Другие пещерные твари копошились и извивались у моих ног. Длиннолапые жуки с панцирями металлического окраса и раздутые, желеобразные моллюски, стремящиеся к нежданному и богатому источнику питательных веществ.

Что-то дёрнулось рядом и ударило меня в левый бок. Я неловко упал рядом с разбитым корпусом гондолы, ругая себя за то, что не захватил датчик перемещений. На меня снова набросились. На этот раз боль возникла уже в левом бедре. Я пнул нападавшего с приглушённым маской ругательством.

Существо было размером с крупную собаку, но только более приземистым и вытянутым. Передвигалось оно на тонких задних лапах.
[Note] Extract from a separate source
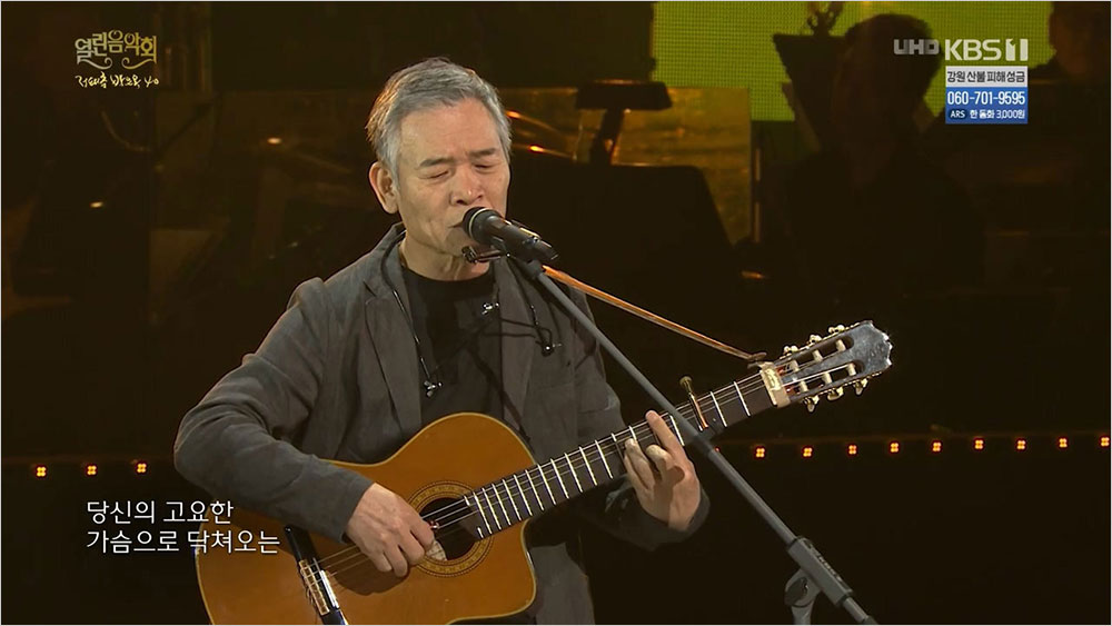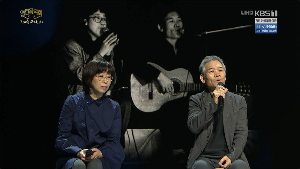 그러나 서울에서 벌어지는 부산한 움직임은 지방 소도시에 사는 이들에게 좀 먼 이야기다. 내가 정태춘을 다시 만난 것은 지난 4월 6일 <한국방송(KBS)> 1텔레비전에서 특별 편성해 방송한 ‘열린음악회’의 정태춘-박은옥 부부 편이었다. 나는 무심코 채널을 돌렸다가 거기 나온 정태춘·박은옥 부부가 함께 노래하는 모습을 발견하고 채널을 고정했다.

Шкура его отливала серебром, а тупая морда служила лишь креплением для челюстей, усеянных полупрозрачными клыками. Вокруг пасти дрожали и колыхались длинные чувствительные щетинки и усики.

Существо снова бросилось на меня, в качестве противовеса высоко задрав тонкий, жёсткий хвост. Вероятно, эта тварь венчала пищевую цепочку в лишённых света пещерах Синшары. Будучи слишком крупной, чтобы пробраться внутрь обломков и дотянуться до трупов, она бродила снаружи, пожирая могильных червей и моллюсков, собиравшихся на месте крушения.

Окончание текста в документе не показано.